This repository contains the scripts used to conduct the analyses in the manuscript "Expansion of MHC-IIB has constrained the evolution of MHC-IIA in passerines" Iris L. Ruesink-Bueno, Anna Drews, Emily O’Connor and Helena Westerdahl
Workflow written and run by Emily O'Connor (08-04-2024)
Analyses were run using the workflow manager Nextflow (version 23.10.0)

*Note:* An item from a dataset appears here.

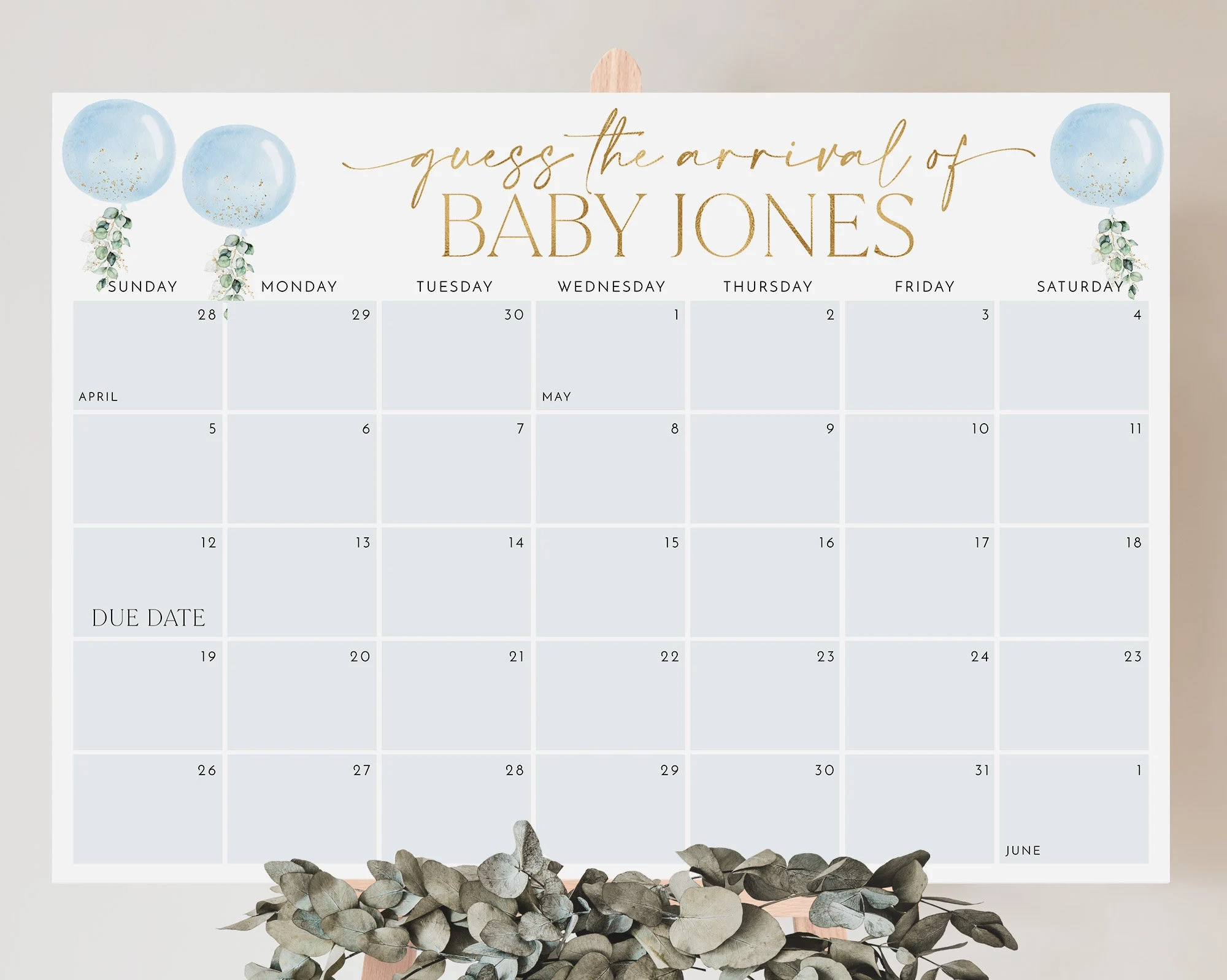 Baby Due Date Sign Guess The Birthday Baby Shower Game Baby Calendar Printable Editable Template Instant Download Templett 043 101GDD

| - env/ Contains YAML file to re-create the nextflow environment used to run the workflows
| - nonpartitioned/ Contains workflow script (main.nf) and configuration file (nextflow.config) to run selection analyses (BUSTED, MEME & FUBAR) on non-partitioned dataset
| - partitioned/ Contains workflow script (main.nf) and configuration file (nextflow.config) to run BUSTED-PH test on partitioned dataset. Also contains HyPhy batch file required to run BUSTED-PH
To reproduce and run the code in Nextflow first create and activate the conda environment (giving it the name 'nextflow-env') that contains the version of Nextflow used to run the analyses in our study and its dependencies. To create the conda environment from the YAML file in the 'env' folder run the following command from within the 'env' folder (note that you will need conda installed for this to work):
conda env create -n nextlow-env -f nextflow_environment.yml
The conda environment can then be activated using the following command:
conda activate nextlow-env
Once the conda environment has been activated, the workflow scripts found within the folders 'partitioned' and 'nonpartitioned' can be run. Note that if Nextflow is installed already on your computer / server, then it would be possible to run these analyses without the conda environment. The conda environment is primarily to aid reproducibility by ensuring the analyses can be run within the same environment.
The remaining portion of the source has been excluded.